Then they both ran into the garden. The Shelestoys had a garden of nine acres. There were about twenty old maples and lime-trees in it; there was one fir-tree, and all the rest were fruit-trees: cherries, apples, pears, horse- chestnuts, silvery olive-trees. . . . There were heaps of flowers, too.
Nikitin and Masha ran along the avenues in silence, laughed, asked each other from time to time disconnected questions which they did not answer. A crescent moon was shining over the garden, and drowsy tulips and irises were stretching up from the dark grass in its faint light, as though entreating for words of love for them, too.

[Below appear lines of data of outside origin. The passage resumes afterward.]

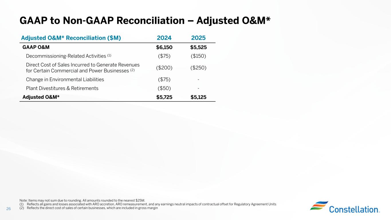 Three Months Ended September 30, 20242023 Earnings Per Share Earnings Per Share Adjusted Operating Earnings* Reconciliation ($M except per share data) $3.82$1,200$2.26$731 GAAP Net Income (Loss) Attributable to Common Shareholders ($0.67)($210)($0.49)($158)Unrealized (Gain) Loss on Fair Value (1) $0.10$30-$1Plant Retirements & Divestitures ($0.62)($195)$0.24$76Decommissioning-Related Activities (2) ($0.01)($2)($0.03)($10)Pension & OPEB Non-Service (Credits) Costs --$0.05$17Separation Costs (3) -$1$0.01$4ERP System Implementation Costs (4) $0.02$5$0.03$9Change in Environmental Liabilities ---$1Acquisition Related Costs --$0.19$62Asset Impairments $0.11$33($0.03)($9)Income Tax Related Adjustments ($0.01)($2)($0.11)($36)Noncontrolling Interests (5) $2.74$860$2.13$688Adjusted Non-GAAP Operating Earnings* GAAP to Non-GAAP Reconciliation – Adjusted Operating Earnings* 25 Note: Items may not sum due to rounding. Earnings are reflected on an after-tax basis. Earnings per share amount is based on average diluted common shares outstanding of 314 million and 323 million for the three months ended September 30, 2024 and 2023, respectively. (1) Includes mark-to-market on economic hedges, interest rate swaps, and fair value adjustments related to gas imbalances and equity investments (2) Reflects all gains and losses associated with Nuclear Decommissioning Trusts (NDTs), Asset Retirement Obligation (ARO) accretion, Asset Retirement Cost (ARC) depreciation, ARO remeasurement, and impacts of contractual offset for Regulatory Agreement Units (3) Represents certain incremental costs related to the separation (system-related costs, third-party costs paid to advisors, consultants, lawyers, and other experts assisting in the separation), including a portion of the amounts billed to us pursuant to the transition services agreement (TSA). See Note 1 — Basis of Presentation in our 2023 Form 10-K for additional information. (4) Reflects costs related to a multi-year Enterprise Resource Planning (ERP) system implemented in the first quarter of 2024 (5) Represents elimination of the noncontrolling interest related to certain adjustments
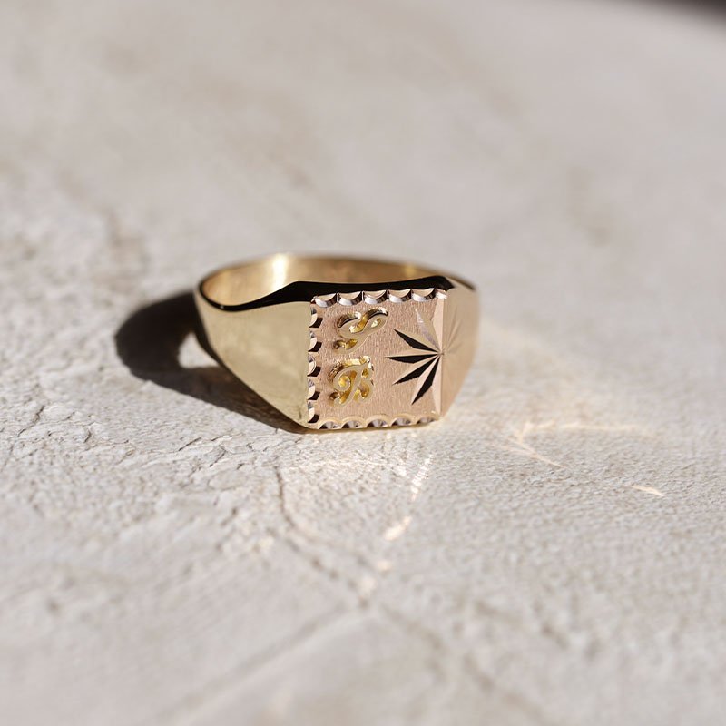 Le plateau est la partie supérieure de la chevalière, là où se trouvent les finitions et les gravures. Selon le modèle, vous pouvez y ajouter une ou deux initiales, pour rendre votre bijou unique.
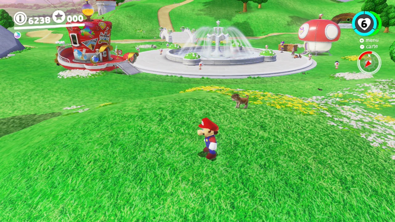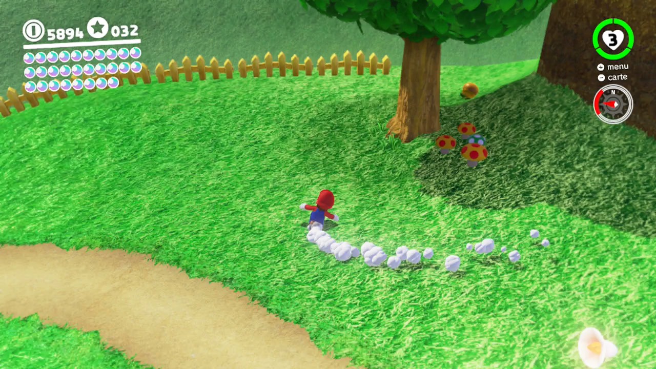 Il y a un cercle de fleur au nord-est du château. Secouez votre manette sur le côté en vous tenant au centre pour faire éclore toutes les fleurs d’un coup à l’ade de Cappy.
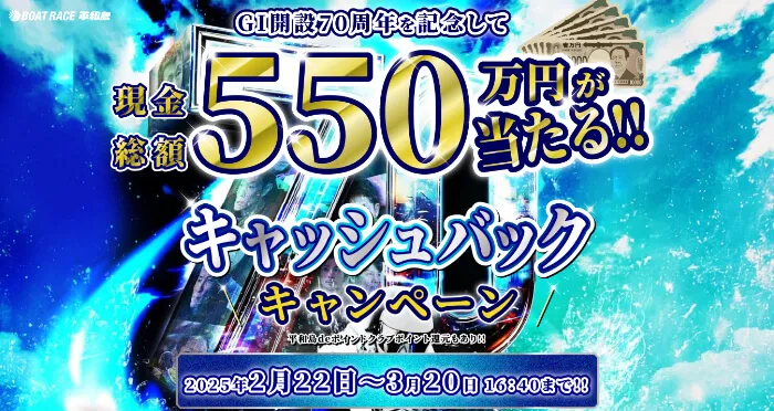 なんと今回の第70回トーキョーベイカップでは、「550万円キャッシュバックキャンペーン」が開催されるとのこと!
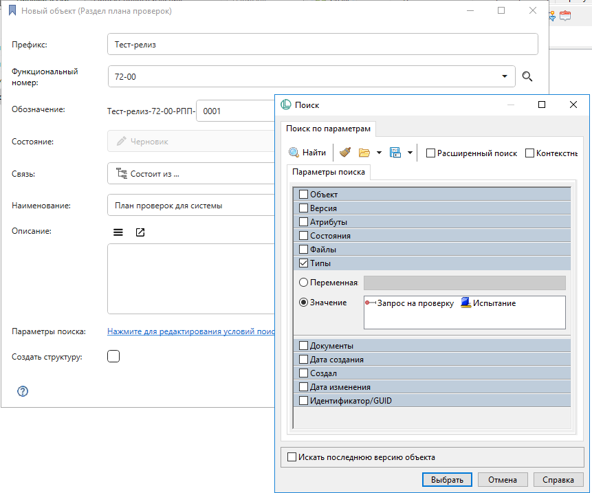 Запросы на проверку и испытания могут формировать структуры - планы проверок.
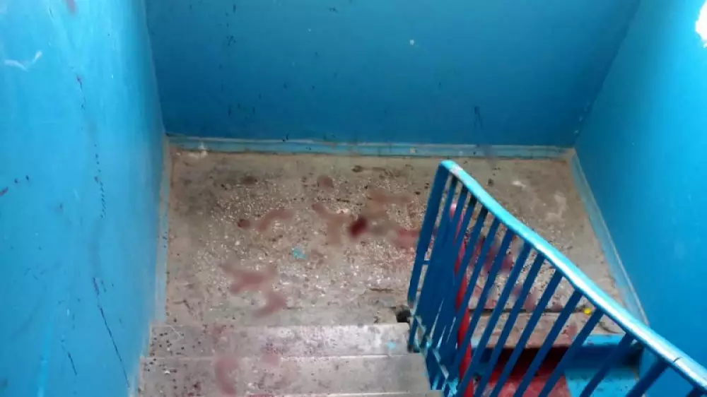 Оқиға орнынан түсірілген кадрларды куәгер басылым редакциясына жолдаған. Суреттерден пәтер, подъез қанға боялғаны көруге болады.
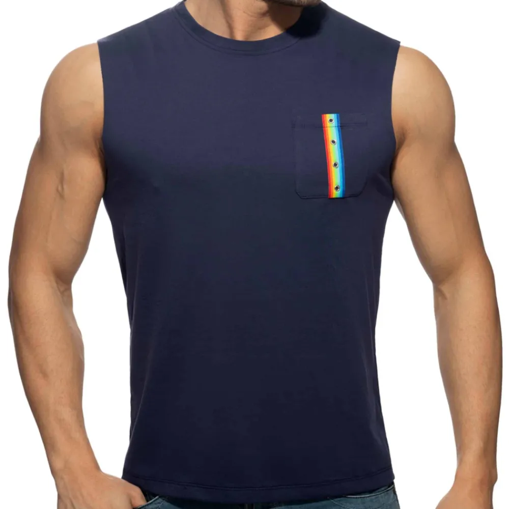 Débardeur en pur coton doux et confortable. Petite poche sur la poitrine avec bande aux couleurs de l’arc-en-ciel. Logo Addicted en silicone dans le dos.
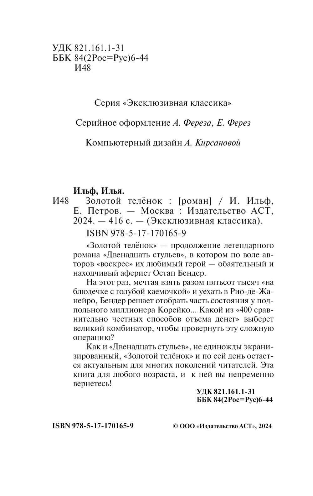 "Золотой телёнок" – продолжение легендарного романа "Двенадцать стульев", в котором по воле авторов «воскрес» их любимый герой – обаятельный и находчивый аферист Остап Бендер.
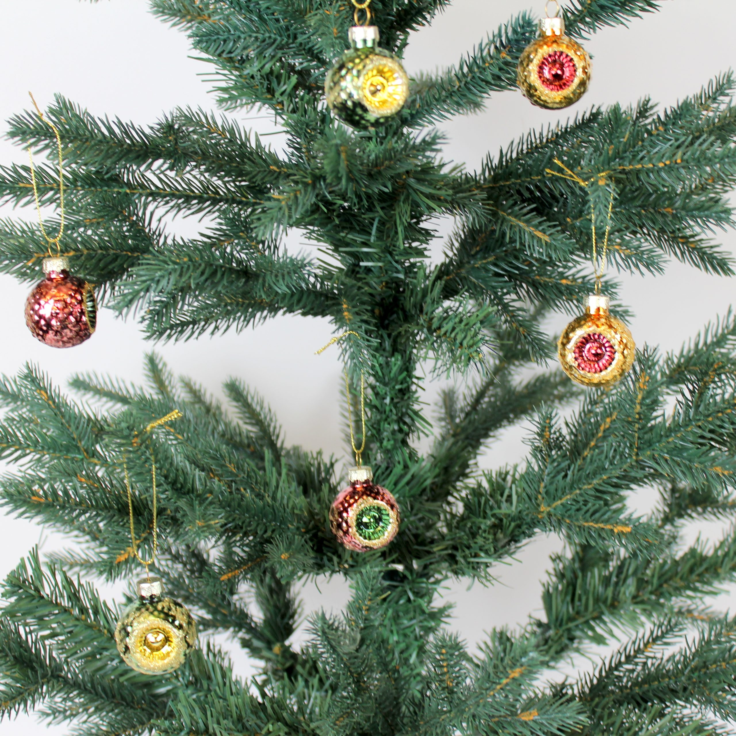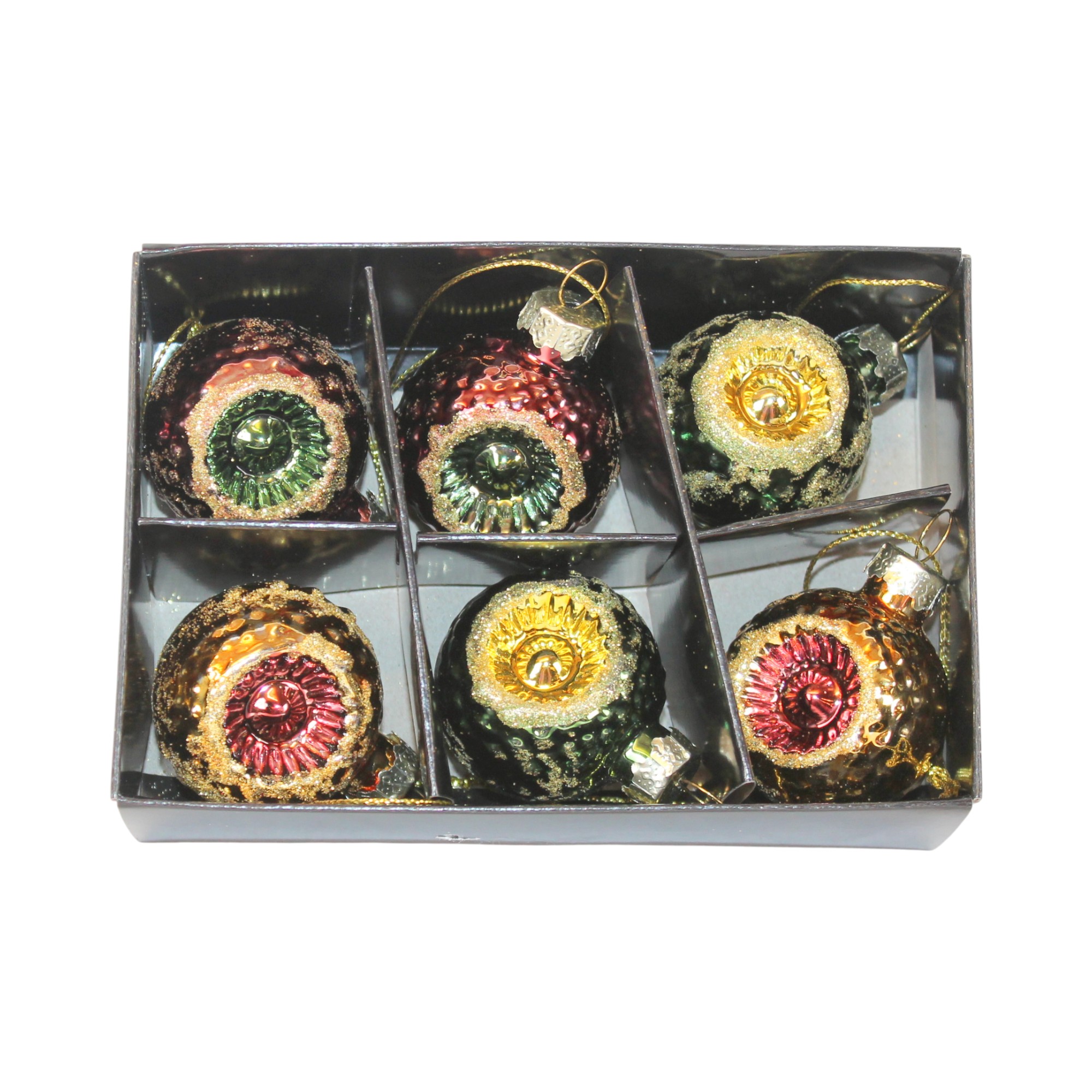 6 styk 4 centimeter store refleks julekugler i glas i guld, grøn og pink

When Nikitin and Masha went back to the house, the officers and the young ladies were already assembled and dancing the mazurka. Again Polyansky led the grand chain through all the rooms, again after dancing they played 'fate.' Before supper, when the visitors had gone into the dining-room, Masha, left alone with Nikitin, pressed close to him and said:
'You must speak to papa and Varya yourself; I am ashamed.'
After supper he talked to the old father. After listening to him,
Shelestov thought a little and said:
'I am very grateful for the honour you do me and my daughter, but let me speak to you as a friend. I will speak to you, not as a father, but as one gentleman to another. Tell me, why do you want to be married so young? Only peasants are married so young, and that, of course, is loutishness. But why should you? Where's the satisfaction of putting on the fetters at your age?'
'I am not young!' said Nikitin, offended. 'I am in my twenty-seventh year.'
'Papa, the farrier has come!' cried Varya from the other room.
And the conversation broke off. Varya, Masha, and Polyansky saw
Nikitin home. When they reached his gate, Varya said:
'Why is it your mysterious Metropolit Metropolititch never shows himself anywhere? He might come and see us.'
The mysterious Ippolit Ippolititch was sitting on his bed, taking off his trousers, when Nikitin went in to him.
'Don't go to bed, my dear fellow,' said Nikitin breathlessly. 'Stop a minute; don't go to bed!'
Ippolit Ippolititch put on his trousers hurriedly and asked in a flutter:
'What is it?'
'I am going to be married.'
Nikitin sat down beside his companion, and looking at him wonderingly, as though surprised at himself, said:
'Only fancy, I am going to be married! To Masha Shelestov! I made an offer today.'
'Well? She seems a good sort of girl. Only she is very young.'
'Yes, she is young,' sighed Nikitin, and shrugged his shoulders with a careworn air. 'Very, very young!'
'She was my pupil at the high school. I know her. She wasn't bad at geography, but she was no good at history. And she was inattentive in class, too.'
Nikitin for some reason felt suddenly sorry for his companion, and longed to say something kind and comforting to him.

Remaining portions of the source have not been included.